Le retour vers Dalata se déroula sans encombre offrant à Alessia l’opportunité de souffler depuis leur mésaventure à Vlaken. Son travail monotone et facile de mercenarii au service d’Arenius de Castell s’était muée en un affrontement mortel avec l’un des gangs de la cité et maintenant avec l’une des familles de nobles les plus influentes de la région. Et elle avait dû faire appel à son Don, endormie depuis des années. Des risques bien au-delà du salaire avec lequel les Castellans l’a rémunéré. Le capitaine des Lames de Castell resta silencieux la majeure partie du trajet, concentré sur ses propres pensées. Alessia soupçonnait qu’il réfléchissait déjà à son prochain coup à l’encontre des Valentii et son intuition lui glissait qu’il ne manquerait pas d’inclure la mercenarii dans ses plans. Mais il ne s’agissait pas de l’unique questionnement qui assaillait Lex. Elle finit par l’interroger pour briser la monotonie de la chevauchée.

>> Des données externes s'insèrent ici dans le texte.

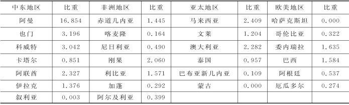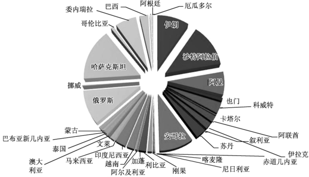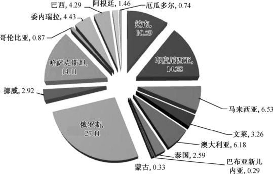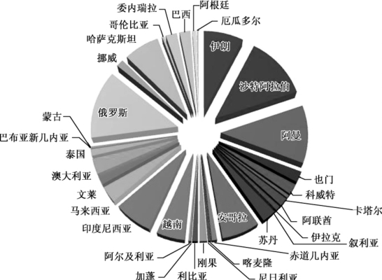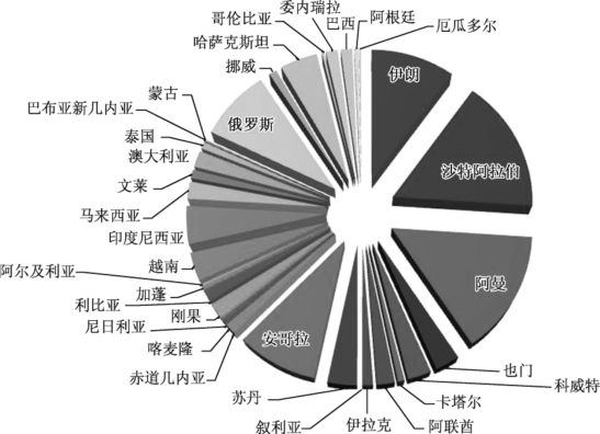 由此可见,中东和西非地区仍然是重要的石油进口来源地,在海路不能完全通达的情形下,从沙特阿拉伯、阿曼、伊朗等国进口石油的比重仍然分别占到了全部份额的12.155%、11.071%和7.579%;俄罗斯、哈萨克斯坦是重要的陆路通道,在马六甲海峡受到干扰、海路不畅的情形下,俄罗斯的石油进口份额达到了13.144%,哈萨克斯坦的比重也达到了6.841%,两者之和占了近20%。印度尼西亚、越南、马来西亚等东南亚国家由于地理上的邻近,其石油供给的重要性也开始显现,三国分别占了全部份额的6.920%、5.136%和3.165%(图3-8)。
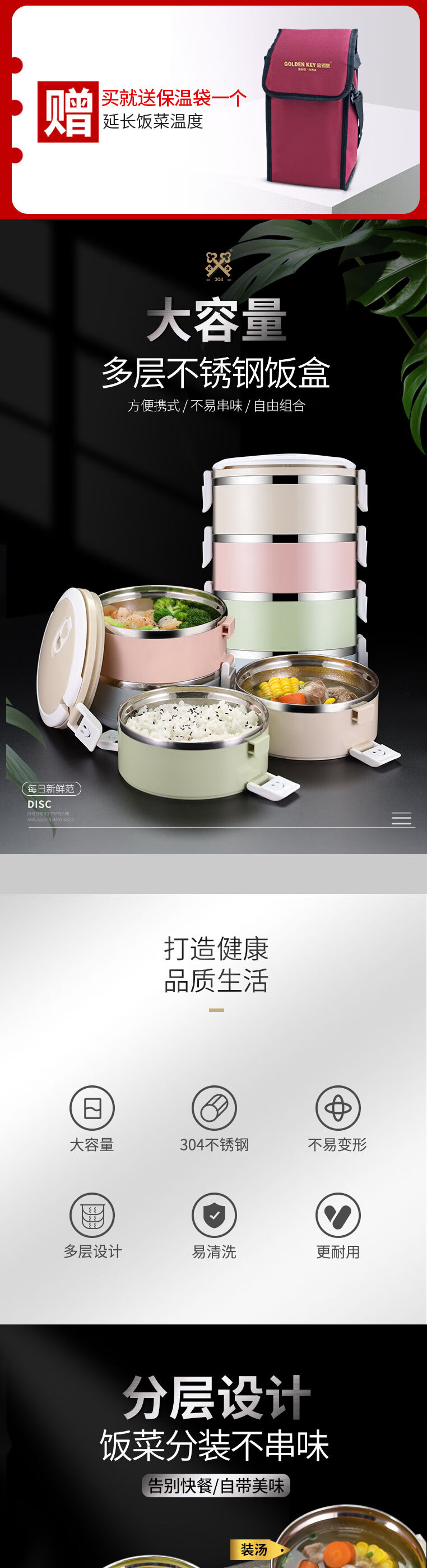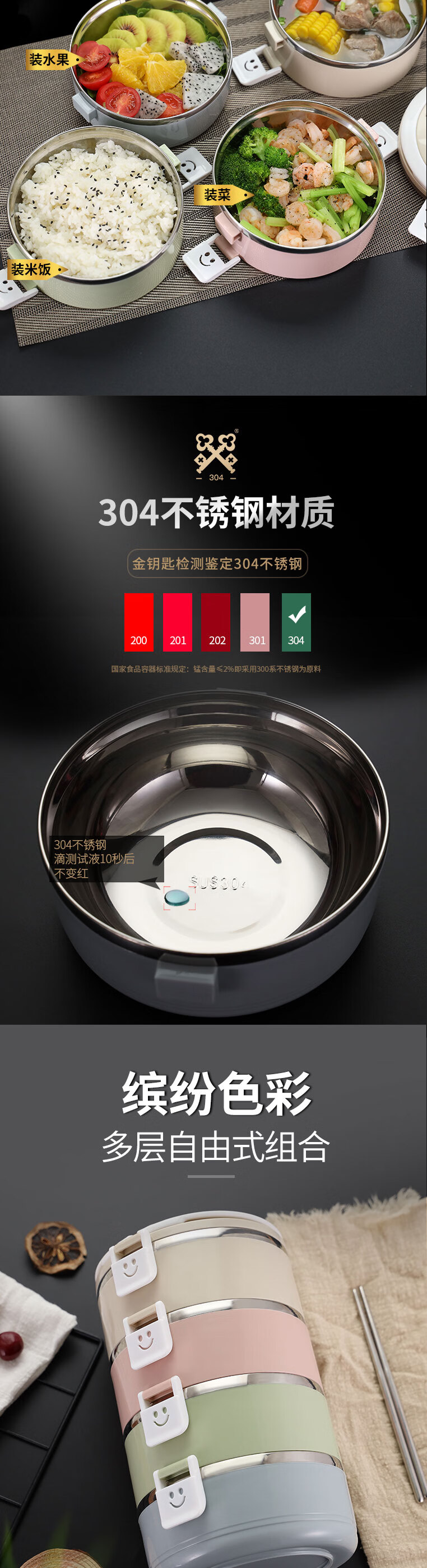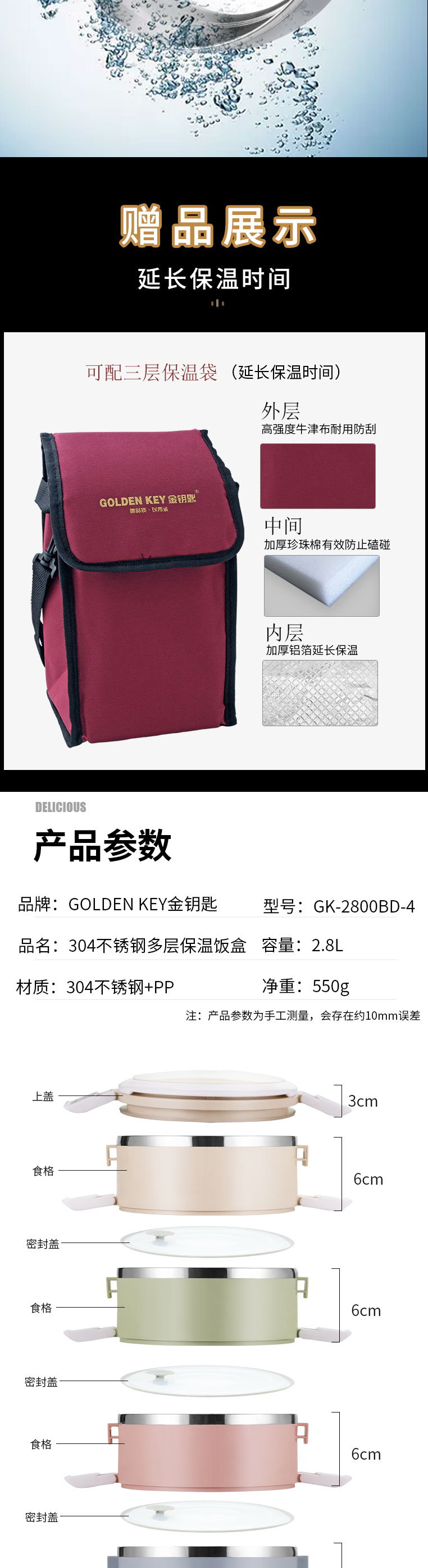 • 商品名称:金钥匙(GOLDEN KEY)304不锈钢 四层保温饭盒多层可组合马卡龙便当盒GK-2800BD-4 304不锈钢/个
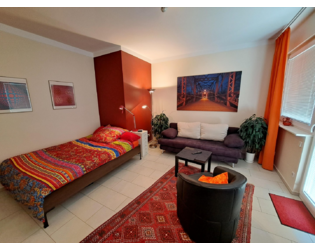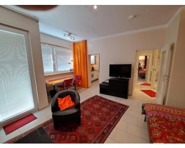 Großzügiges Zimmer: Schlafsofa, Ledersessel, Doppelbett (1,40 x 2,00 Meter mit Kaltschaummatratze und 2 Lattenrosten), Arbeitsbereich, bzw. Eßtisch für 4 Personen, Sideboard mit LCD-TV (94 cm), DVD-Player und CD-Radio-Stereoanlage. Gefliester Balkon: Tisch und zwei Stühle. Einbauküche: Vollständig ausgestattet mit Ceranherd, Mikrowellengerät, Kühlschrank, Kaffeemaschine, Wasserkocher, Besteck, Geschirr, Töpfen und Pfannen. Flur: Großer begehbarer Einbau-Kleiderschränke mit viel Stauraum. Bettwäsche, Handtücher, Bügeleisen, Bügelbrett und Staubsauger sind ebenfalls vorhanden. Südbalkon mit Tisch und 2 Stühlen. Duschbad: Toilette, Waschbecken, beleuchteter Spiegelschrank, Waschmaschine und Duschkabine.
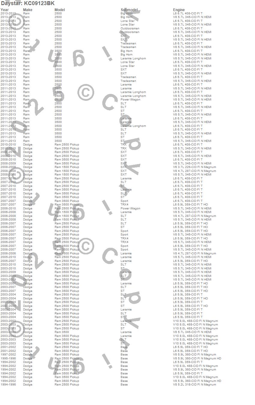 Below is an abbreviated list of applications for the Suspension Combo Kit.2500, 3500, Ram 1500, Ram 2500, Ram 3500, Dodge, Ram, 2013, 2012, 2011, 2010, 2009, 2008, 2007, 2006, 2005, 2004, 2003, 2002, 2001
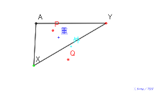 00562- 外分点3_1重心固定点A、P。動点X_Y_と内心 | 00561- 重心固定点A、P。動点X_Y_と内心 | 00560- 垂線の足で解決固定点A、P。動点X_Yと内心 | 00559- 固定点A、P。動点X_Yと内心 | 00558- 半径APの円と固定点A、P動点X、YとΔAXYの外心 |

— Quelque chose te tracasse, capitaine ?

Le fringant mercenarii la darda de ses iris grises, lui sourit puis prit une grande respiration. Alessia su à ce moment même de quoi il en retournait.

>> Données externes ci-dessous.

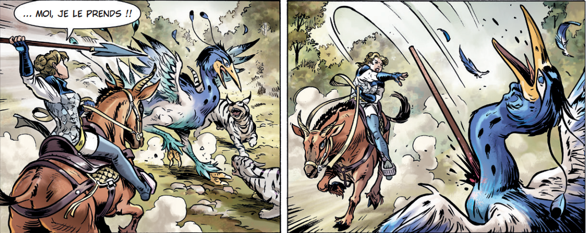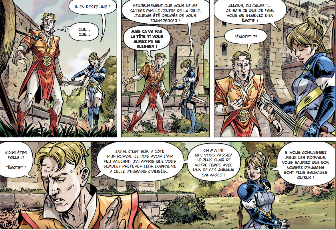 Les adeptes d’héroïc fantasy vont être ravis. Alexis Robin utilise tous les codes du genre en cultivant le mystère pour compléter ces trois tomes. Il peut compter sur Lucio Alberto Leoni et Emanuela Negrinpour pour retranscrire graphiquement son univers. On découvre une héroïne blonde, mince, avec des yeux verts. Bien entendu, elle a un corps de rêve. Pour une fois, elle n’est pas à moitié dénudée comme Cyann ou Pélisse. Rassurez-vous messieurs, les vêtements très moulants mettant en valeur sa taille fine, sa généreuse poitrine et son croupion rebondie. On y insère même un peu de pudeur avec certaines tenues qui couvrent l’entrejambe pour les hommes et les femmes. Ouf, nous ne verrons pas de gros plans sur le paquet. Mais ne passons pas à côté de l’information principale au coeur de l’action. A la fois guerrière et féminine, elle manie aussi bien les armes blanches que la harpe. C’est mignon tout plein. Seulement voilà, outre être sexy, elle est tellement capricieuse. Elle ne respecte même pas les règles de bienséance. Alors quand elle a une idée en tête, elle fonce directement. Pour mettre fin à la guerre qui s’annonce, elle décide d’aller tuer celui qui se réclame du trône. Encore une nana fonçant tête baissé dans les ennuis sans réfléchir. Par conséquent, il faut envoyer les meilleurs soldats pour la ramener. N’ayez crainte, il y a une intrigue là-dessous avec des liens familiaux inattendus, des pouvoirs, des bêtes étranges, des êtres avec trois yeux et des pustules… Nénamoins pour explorer cet aspect, il faut ménager votre patience.
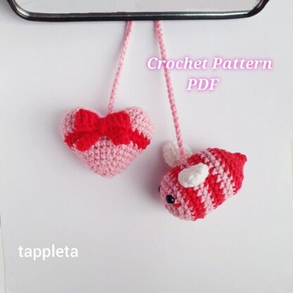 Heart with Bow and Bee charm - cute project for Valentine's Day. Car hanger Crochet Pattern PDF.

— Était-ce un mensonge lorsque tu as dit que tu étais dans la Legio autrefois ?

La question désarçonna Alessia même si la finalité reviendrait à la même. Elle décida de répondre en toute franchise. Éviter éternellement le sujet serait impossible.

— Non, j’ai servi dans la Legio de Borée pendant cinq années, à la frontière de la République d’Haran. D’abord equites ensuite directement au service du Légat, parmi les Céleres.

— Mais comment as-tu passé les examens d’entrée ? En tant que sensible, tu aurais dû être réformé.

— Oui et vu mon âge, j’aurais été bonne pour finir aux piles. Mais ils ne décelèrent qu’une légère trace du Don en moi. Pas de quoi lancer des boules de feu, juste une sorte de sixième sens plus prononcé que le commun des mortels.

— Ce qui est contradictoire avec les prouesses dont j’ai été témoin aujourd’hui. Comment as-tu réussi à berner les senseurs de l’Académie Sin'dhorei ?

— Mon Don était en sommeil. Une plante rare pousse sur les versants tumultueux des falaises de la Côte spectrale. Un secret gardé par mes aïeuls depuis des générations. Le Don a toujours été présent dans notre lignée qui a compté bien des Eldhoïns comme nous surnommaient les Nordiens de Borée d’autrefois. Lors de mes premières transes æthériques lors de mon enfance, on me destina à un avenir prometteur au sein de l’Académie. Une magistère au sein de la famille Cœurfroid, une première depuis des générations ! Puis mon frère aîné tomba gravement malade, m’arrachant à cette fugace et glorieuse destinée. Sans héritier mâle, mon père ne voulait pas que son dernier enfant ne lui soit arraché.

— Et toi que voulais-tu ? Les æthériis ont bien plus de pouvoir que quiconque au sein des Saints-Royaumes.

— Je ne sais pas. J’ai fini par arrêter de me poser cette question avec les années. Sinon tu me sembles bien au fait des usages de la Legio Imperatorii…

— Oui, mon père était légionnaire. Mais nous en parlerons une autre fois, on est bientôt rentré. Prends ta soirée et repose-toi. Cette histoire est encore loin d’être résolue.